4G Now Available, but Perhaps too Early

Posted by on May 27, 2010 in Business News, Business Start Up Advice, Business Technology [ 2 Comments ]

While there have been conflicting reports as the actual available download and upload speeds available through Sprint’s Overdrive 4G mobile hotspot, the product itself seems to offer a rather divisive first look into current 4G internet options.

The product is promised as a 4G/3G modem of sorts, offering tethered or wireless connections for up to 5 devices (ranging from cell phones to laptops). In cities with supported 4G the reviews from initial users have been positive, mentioning that the speeds were indeed impressive enough to warrant a next generation-type of label.

While the speeds weren’t as high as the suggested 10mpbs for most users, they were fast enough to warrant the $49 purchase (with 2year service, $499 without). Perhaps the biggest pitfall for Sprint will be that their product has come out ahead of their actual 4G support schedules, making the process a purchase-at-your-own risk transaction.

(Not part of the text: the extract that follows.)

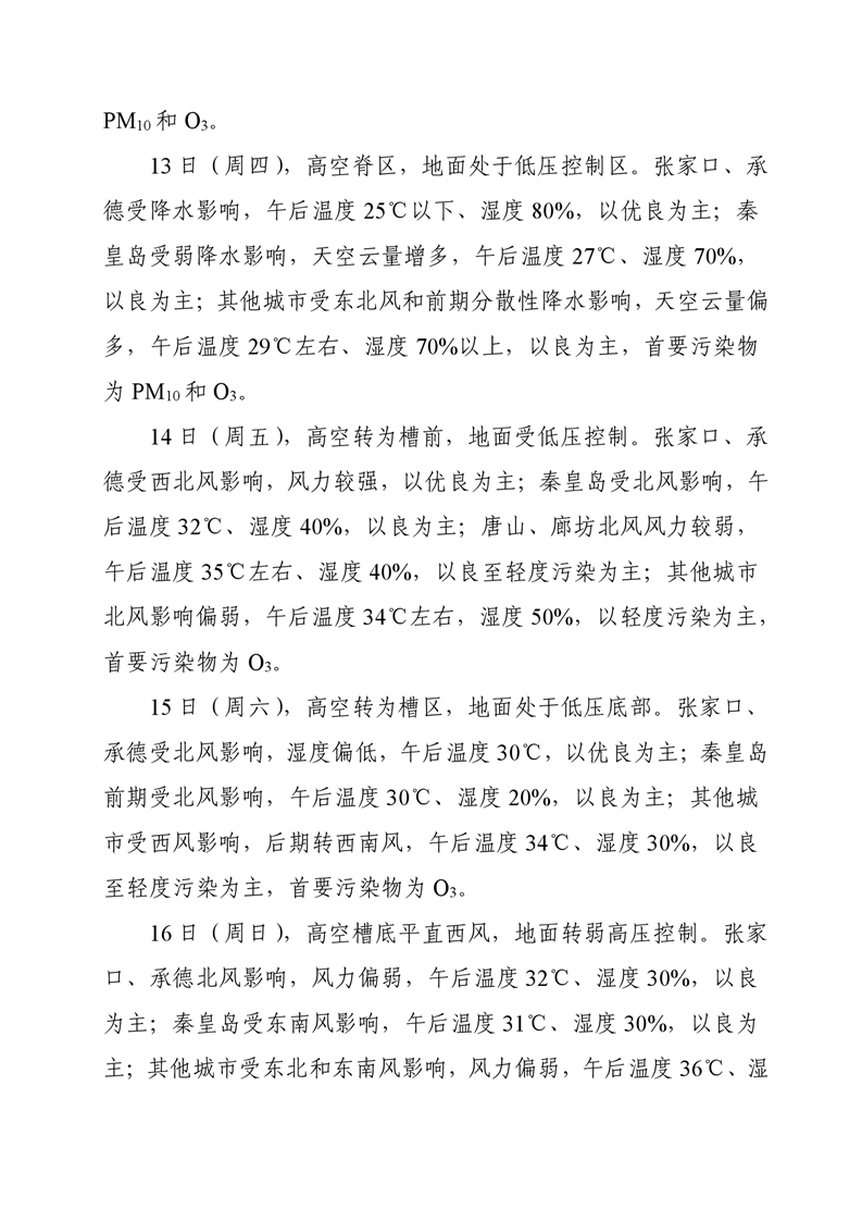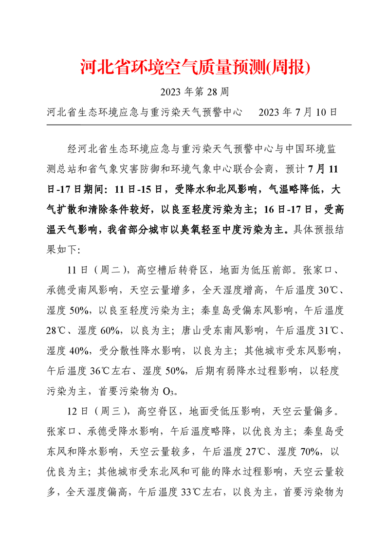 河北省空气质量预测报告周报2023年第28周

Currently, the wireless provider’s 4G connections are only promised in 31 select cities – while the number is growing, the amount of users who are willing to shell out money for both a device and a service that isn’t national (let alone state-wide) isn’t. With providers like Verizon and AT&T offering prospective dates for their own 4G services in 2011, Sprint may have some time to build up a consumer base.

However, all other carriers plan on building upon a separate version of wireless internet called LTE, which varies enough from Sprint/Clearwater’s WiMAX 4G services to warrant a restructuring if the other brands manage to take off by 2011. Any changes to Sprint’s network, and any customers who have paid for uninterrupted service, will likely be hurt by any changes that occur, especially if WiMAX support has spread past the current number of cities.

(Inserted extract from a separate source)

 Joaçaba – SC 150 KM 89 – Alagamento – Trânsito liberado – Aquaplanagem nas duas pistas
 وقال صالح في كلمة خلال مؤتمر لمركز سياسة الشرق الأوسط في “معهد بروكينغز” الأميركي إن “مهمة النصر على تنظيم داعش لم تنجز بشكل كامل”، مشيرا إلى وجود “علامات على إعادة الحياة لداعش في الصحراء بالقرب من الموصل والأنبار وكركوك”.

While the concept of 4G is impressive, considering how smaller wireless companies like T-Mobile, Cricket, and Boost Mobile have only recently started full support of current 3G wireless, the fact remains that releasing an unsupported product in a brand new market may not work as well as Sprint had hoped.

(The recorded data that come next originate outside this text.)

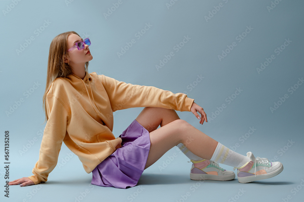 Fashionable confident girl wearing purple sunglasses, pleated mini skirt, yellow hoodie, socks, high top colorful sneakers, sitting, posing on blue background. Full-length studio portrait. Copy space
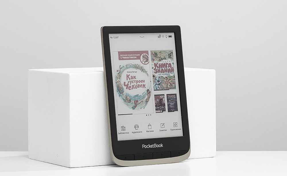 У PocketBook 633 Color не только до сих пор обходят стороной такое странное решение, но и «топят» экран примерно на 2 миллиметра в корпус. Поэтому даже если ридер упадет на асфальт, велика вероятность того, что непосредственно дисплей останется целехоньким. Царапины появятся только на рамке вокруг экрана.
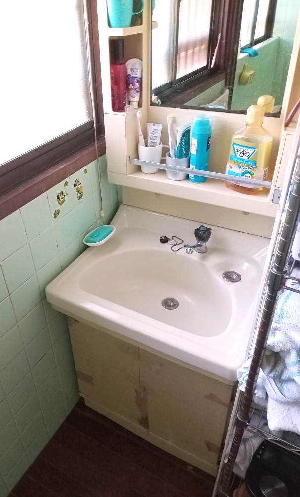 洗面台下キャビネットの扉の部分は使用に支障がありそうです。
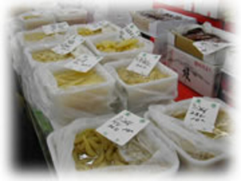 | 山陰地方では「松葉ガニ」北陸地方では「越前ガニ」と呼ばれるズワイ蟹も、これからが漁の最盛期。 | お正月用の数の子も、大量にセリにかけられていきます。こんなに沢山はとても買えない量ですね。 | |

2 thoughts on “4G Now Available, but Perhaps too Early

  1. avatarCarl

    I just don’t get your review. Of course the device is supported. The coverage maps are well defined. A buyer can take a look at the maps and make an informed decision. Many more cities will become available in the next year. For anyone that needs fast coverage in the cities mapped out, this purchase is a no-brainer. A typical user could care less if the underlying technology is wimax or lte. And you can bet that at least initially lte operators won’t let their subscribers roam onto other lte networks or will but with additional charges making lte interworking not terribly desirable. The device is totally backward compatible with the existing 3g network which is ubiqtious and pretty fast as well. And to top it off, I get the feeling that you didn’t actually review the product but rather skimmed other reviews on the net.

  2. avatarfredx

    If you take a deeper look into the current WIMAX hardware install base of Sprint. You will find out that the last 26 selected cities have equipment which supports dual mode (WIMAX and LTE) at the same time. If Sprint/Clearwire moves to LTE they can (and I guess will) run it parallel on each tower. I don’t expect the equipment to be exchange for the next 4 years. With this in mind I predict a paralell run of WIMAX and LTE on Sprint/Clearwire for at least 3 years (2011 to 2014). And then nobody cares about a bulky slow device out of 2010.